Re: Improving connection scalability: GetSnapshotData() - Mailing list pgsql-hackers

From Andres Freund
Subject Re: Improving connection scalability: GetSnapshotData()
Date
Msg-id 20200407121503.zltbpqmdesurflnm@alap3.anarazel.de
Whole thread Raw
In response to Re: Improving connection scalability: GetSnapshotData()  (Andres Freund <andres@anarazel.de>)
Responses Re: Improving connection scalability: GetSnapshotData()  (Andres Freund <andres@anarazel.de>)
Re: Improving connection scalability: GetSnapshotData()  ("Jonathan S. Katz" <jkatz@postgresql.org>)
Re: Improving connection scalability: GetSnapshotData()  (Robert Haas <robertmhaas@gmail.com>)
Re: Improving connection scalability: GetSnapshotData()  (Andres Freund <andres@anarazel.de>)
List pgsql-hackers
Hi,

SEE BELOW: What, and what not, to do for v13.

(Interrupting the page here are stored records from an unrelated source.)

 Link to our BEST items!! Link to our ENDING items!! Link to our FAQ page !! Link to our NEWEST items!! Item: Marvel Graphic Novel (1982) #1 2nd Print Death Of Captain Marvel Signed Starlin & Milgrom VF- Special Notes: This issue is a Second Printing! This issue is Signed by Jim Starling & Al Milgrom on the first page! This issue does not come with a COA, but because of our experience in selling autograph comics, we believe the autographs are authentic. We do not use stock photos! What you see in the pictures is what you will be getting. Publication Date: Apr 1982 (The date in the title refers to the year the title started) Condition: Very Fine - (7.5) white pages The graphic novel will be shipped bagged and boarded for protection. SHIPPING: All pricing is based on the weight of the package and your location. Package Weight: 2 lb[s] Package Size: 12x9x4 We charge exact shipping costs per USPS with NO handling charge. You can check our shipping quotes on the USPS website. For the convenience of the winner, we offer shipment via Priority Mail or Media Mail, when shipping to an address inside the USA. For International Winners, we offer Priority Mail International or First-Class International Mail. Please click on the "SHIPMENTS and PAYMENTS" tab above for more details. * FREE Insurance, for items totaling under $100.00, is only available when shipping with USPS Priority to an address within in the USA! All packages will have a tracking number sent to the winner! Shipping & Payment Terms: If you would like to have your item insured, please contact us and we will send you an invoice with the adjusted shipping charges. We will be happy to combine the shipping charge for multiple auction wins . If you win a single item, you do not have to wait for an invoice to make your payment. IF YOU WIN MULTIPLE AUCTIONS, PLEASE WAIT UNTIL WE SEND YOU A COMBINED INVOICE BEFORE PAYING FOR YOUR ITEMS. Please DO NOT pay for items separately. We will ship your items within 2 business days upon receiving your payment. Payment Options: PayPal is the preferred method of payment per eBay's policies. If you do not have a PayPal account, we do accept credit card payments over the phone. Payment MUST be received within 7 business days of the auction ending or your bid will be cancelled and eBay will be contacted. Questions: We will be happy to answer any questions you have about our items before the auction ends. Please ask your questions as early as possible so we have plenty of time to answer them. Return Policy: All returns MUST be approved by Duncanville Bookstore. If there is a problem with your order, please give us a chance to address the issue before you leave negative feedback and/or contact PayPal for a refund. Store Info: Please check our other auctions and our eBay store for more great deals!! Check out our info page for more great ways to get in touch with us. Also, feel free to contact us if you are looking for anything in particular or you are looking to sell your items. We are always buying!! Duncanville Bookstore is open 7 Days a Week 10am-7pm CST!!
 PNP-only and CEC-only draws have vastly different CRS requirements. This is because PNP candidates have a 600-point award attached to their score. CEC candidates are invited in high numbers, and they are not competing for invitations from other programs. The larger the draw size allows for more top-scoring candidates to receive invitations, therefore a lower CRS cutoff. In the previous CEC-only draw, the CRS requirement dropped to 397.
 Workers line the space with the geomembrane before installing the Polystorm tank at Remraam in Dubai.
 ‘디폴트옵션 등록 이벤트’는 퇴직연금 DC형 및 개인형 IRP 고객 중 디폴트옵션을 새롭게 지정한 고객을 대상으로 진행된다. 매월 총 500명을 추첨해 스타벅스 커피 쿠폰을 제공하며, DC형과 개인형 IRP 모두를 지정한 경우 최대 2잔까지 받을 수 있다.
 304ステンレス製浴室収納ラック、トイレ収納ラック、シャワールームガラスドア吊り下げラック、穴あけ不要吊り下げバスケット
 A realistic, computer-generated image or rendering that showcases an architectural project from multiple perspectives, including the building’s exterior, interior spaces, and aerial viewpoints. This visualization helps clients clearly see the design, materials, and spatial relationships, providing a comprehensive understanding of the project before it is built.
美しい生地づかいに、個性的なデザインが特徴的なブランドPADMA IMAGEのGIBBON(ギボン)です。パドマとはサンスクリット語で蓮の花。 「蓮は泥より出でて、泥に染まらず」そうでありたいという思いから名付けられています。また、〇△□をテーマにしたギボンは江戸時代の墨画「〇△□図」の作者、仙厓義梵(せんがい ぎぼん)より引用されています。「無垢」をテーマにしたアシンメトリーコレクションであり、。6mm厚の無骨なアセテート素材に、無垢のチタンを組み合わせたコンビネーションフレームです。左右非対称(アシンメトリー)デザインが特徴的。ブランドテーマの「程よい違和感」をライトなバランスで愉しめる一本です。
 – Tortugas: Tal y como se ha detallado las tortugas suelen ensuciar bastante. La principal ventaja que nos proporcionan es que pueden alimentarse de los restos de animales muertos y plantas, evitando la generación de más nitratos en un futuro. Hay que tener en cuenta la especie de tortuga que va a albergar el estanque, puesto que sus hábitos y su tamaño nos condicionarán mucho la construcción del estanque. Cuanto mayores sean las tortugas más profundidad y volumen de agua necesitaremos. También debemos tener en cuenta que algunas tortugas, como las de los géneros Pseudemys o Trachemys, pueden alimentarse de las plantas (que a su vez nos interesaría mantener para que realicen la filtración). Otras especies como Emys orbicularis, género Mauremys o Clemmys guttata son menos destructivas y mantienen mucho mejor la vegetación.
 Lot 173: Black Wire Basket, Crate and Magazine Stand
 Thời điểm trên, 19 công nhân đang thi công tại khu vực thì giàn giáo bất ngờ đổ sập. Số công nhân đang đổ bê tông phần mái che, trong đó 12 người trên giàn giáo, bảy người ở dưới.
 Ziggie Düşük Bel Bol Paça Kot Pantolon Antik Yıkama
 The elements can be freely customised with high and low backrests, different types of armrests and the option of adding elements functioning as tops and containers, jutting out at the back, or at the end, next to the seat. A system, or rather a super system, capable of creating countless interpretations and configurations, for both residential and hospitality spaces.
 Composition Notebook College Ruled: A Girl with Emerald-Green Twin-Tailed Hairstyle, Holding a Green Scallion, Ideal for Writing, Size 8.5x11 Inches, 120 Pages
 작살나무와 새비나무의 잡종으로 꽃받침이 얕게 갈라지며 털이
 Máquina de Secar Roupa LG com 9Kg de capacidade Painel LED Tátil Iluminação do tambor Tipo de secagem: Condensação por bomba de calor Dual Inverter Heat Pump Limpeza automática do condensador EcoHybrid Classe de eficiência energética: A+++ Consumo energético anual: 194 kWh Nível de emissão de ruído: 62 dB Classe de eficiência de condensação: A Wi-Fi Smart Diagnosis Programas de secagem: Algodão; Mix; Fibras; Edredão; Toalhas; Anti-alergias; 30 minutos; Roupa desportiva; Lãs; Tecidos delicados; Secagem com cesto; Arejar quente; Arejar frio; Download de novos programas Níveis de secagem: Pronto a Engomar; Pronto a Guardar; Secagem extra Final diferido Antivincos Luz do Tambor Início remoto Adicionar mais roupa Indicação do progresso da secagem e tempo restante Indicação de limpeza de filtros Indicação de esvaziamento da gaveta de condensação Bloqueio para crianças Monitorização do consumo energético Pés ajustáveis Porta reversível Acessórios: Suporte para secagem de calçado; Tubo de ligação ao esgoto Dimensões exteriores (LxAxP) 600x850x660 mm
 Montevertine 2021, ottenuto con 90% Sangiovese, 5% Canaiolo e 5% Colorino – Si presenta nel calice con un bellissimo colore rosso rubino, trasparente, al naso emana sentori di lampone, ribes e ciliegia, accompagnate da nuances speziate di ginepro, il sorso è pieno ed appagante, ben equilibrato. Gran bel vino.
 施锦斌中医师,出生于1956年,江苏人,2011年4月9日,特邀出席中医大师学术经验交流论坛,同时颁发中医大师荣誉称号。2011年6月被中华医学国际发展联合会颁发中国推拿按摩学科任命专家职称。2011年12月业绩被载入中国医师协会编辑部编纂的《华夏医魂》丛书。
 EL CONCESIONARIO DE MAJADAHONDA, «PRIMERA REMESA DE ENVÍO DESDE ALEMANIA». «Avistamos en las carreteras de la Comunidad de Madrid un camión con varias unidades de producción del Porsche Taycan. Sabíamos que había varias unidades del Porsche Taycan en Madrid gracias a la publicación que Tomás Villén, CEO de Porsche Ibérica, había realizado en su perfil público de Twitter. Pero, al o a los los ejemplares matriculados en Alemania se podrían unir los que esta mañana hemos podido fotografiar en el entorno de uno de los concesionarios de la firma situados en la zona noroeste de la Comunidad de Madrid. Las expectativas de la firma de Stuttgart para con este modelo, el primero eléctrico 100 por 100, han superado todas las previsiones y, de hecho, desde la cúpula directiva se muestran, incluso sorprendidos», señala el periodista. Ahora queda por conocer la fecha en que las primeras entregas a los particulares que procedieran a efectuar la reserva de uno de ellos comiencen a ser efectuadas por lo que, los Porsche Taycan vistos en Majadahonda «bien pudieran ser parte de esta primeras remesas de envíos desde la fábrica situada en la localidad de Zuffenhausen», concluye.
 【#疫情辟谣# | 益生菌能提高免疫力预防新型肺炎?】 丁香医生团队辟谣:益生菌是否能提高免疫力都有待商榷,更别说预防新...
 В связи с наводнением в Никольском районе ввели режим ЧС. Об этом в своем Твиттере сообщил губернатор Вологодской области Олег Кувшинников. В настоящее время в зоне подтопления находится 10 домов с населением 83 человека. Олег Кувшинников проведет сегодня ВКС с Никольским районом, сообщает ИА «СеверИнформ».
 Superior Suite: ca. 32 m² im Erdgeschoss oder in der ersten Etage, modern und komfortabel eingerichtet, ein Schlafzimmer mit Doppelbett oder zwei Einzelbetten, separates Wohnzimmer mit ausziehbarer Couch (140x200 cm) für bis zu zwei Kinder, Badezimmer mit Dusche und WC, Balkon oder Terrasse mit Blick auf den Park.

Attached is a substantially polished version of my patches. Note that
the first three patches, as well as the last, are not intended to be
committed at this time / in this form - they're there to make testing
easier.

There is a lot of polish, but also a few substantial changes:

- To be compatible with old_snapshot_threshold I've revised the way
  heap_page_prune_opt() deals with old_snapshot_threshold. Now
  old_snapshot_threshold is only applied when we otherwise would have
  been unable to prune (both at the time of the pd_prune_xid check, and
  on individual tuples). This makes old_snapshot_threshold considerably
  cheaper and cause less conflicts.

  This required adding a version of HeapTupleSatisfiesVacuum that
  returns the horizon, rather than doing the horizon test itself; that
  way we can first test a tuple's horizon against the normal approximate
  threshold (making it an accurate threshold if needed) and only if that
  fails fall back to old_snapshot_threshold.

  The main reason here was not to improve old_snapshot_threshold, but to
  avoid a regression when its being used. Because we need a horizon to
  pass to old_snapshot_threshold, we'd have to fall back to computing an
  accurate horizon too often.


- Previous versions of the patch had a TODO about computing horizons not
  just for one of shared / catalog / data tables, but all of them at
  once. To avoid potentially needing to determine xmin horizons multiple
  times within one transaction.  For that I've renamed GetOldestXmin()
  to ComputeTransactionHorizons() and added wrapper functions instead of
  the different flag combinations we previously had for GetOldestXmin().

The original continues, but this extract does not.